Give the parametric equations of the line of intersection of the planes $4x + 2y + 2z = -1$ and $3x + 6y + 3z = 7$
Also, give the equation of the plane that passes through the point $(2,-1,4)$ and is perpendicular to the line found above.
Hope next time you'll be more gentle when asking.
The cross product of the normal vectors (let's call it $v_3$) of these planes is $(-6, -6, 18)$.
The next step is to find a point in the line of intersection. To do that, let any variable be $0$.
Say, $z=0$: $4x + 2y= −1$ $3x+6y=7$
Using these two new equations, find the values of $x$ and $y$. You'll get $x = -10/9$ and $y = 31/18$.
Using the values of x and y, find z from any of the two original equations, $z=14/3$.

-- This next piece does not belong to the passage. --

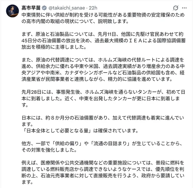 다카이치, “필요한 석유 확보됐다”…日 내년 초까지는 버틴다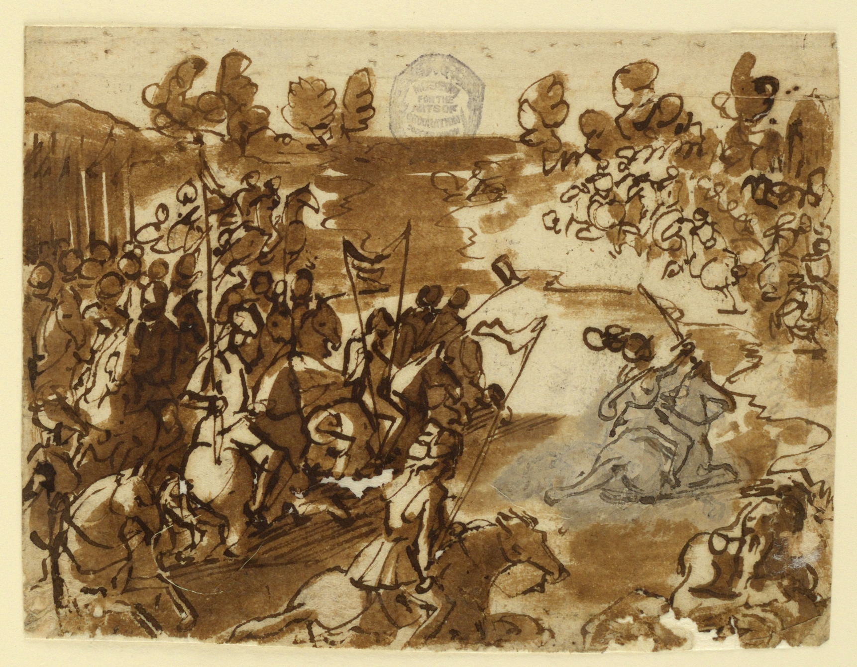 Drawing, Giovanni de' Medici leading his troops across the river Adda, driving back the Spanish forces; Jan van der Straet, called Stradanus (Flemish, 1523–1605); Association: Luigi Alamanni (Italian, 1558–1603); Subject: Medici Family; Netherlands; pen and brown ink, brush and wash, corrected with white, over black chalk on laid paper; 10.8 × 14 cm (4 1/4 × 5 1/2 in.); Museum purchase through gift of various donors; 1901-39-2675

Therefore, $v_0 = (-10/9, 31/18, 14/3)$ in simplest form
$v_0 = (-20, 31, 84)$
The equation of the line of intersection is $ f(t) = (-20, 31, 84) + (-6, -6, 18)t$ and therefore, the parametric equations are:
$x = -20 - 6t \\y = 31 - 6t \\z = 84 + 18t $
Can't you solve the easy, though slightly annoying, linear system? $\left(\begin{array}{cccr}4&2&2&-1\\3&6&3&7\end{array}\right)\to\left(\begin{array}{cccr}1&1/2&1/2&-1/4\\0&9/2&3/2&31/4\end{array}\right)\Longrightarrow$$\Longrightarrow L:=\left\{\left(\frac{-10-3z}{9}\,,\,\frac{31-6z}{18}\,,\,z\right)\,\,/\,\,z\in\mathbb{R}\right\}$ is the intersection line. Take now $\,\,A,B\in L\,\,$, evaluate $\,\,\overrightarrow{AB}\,\,$, and the vector parametric form of $L$ is $A+t\,\overrightarrow{AB}\,,\,t\in\mathbb{R}$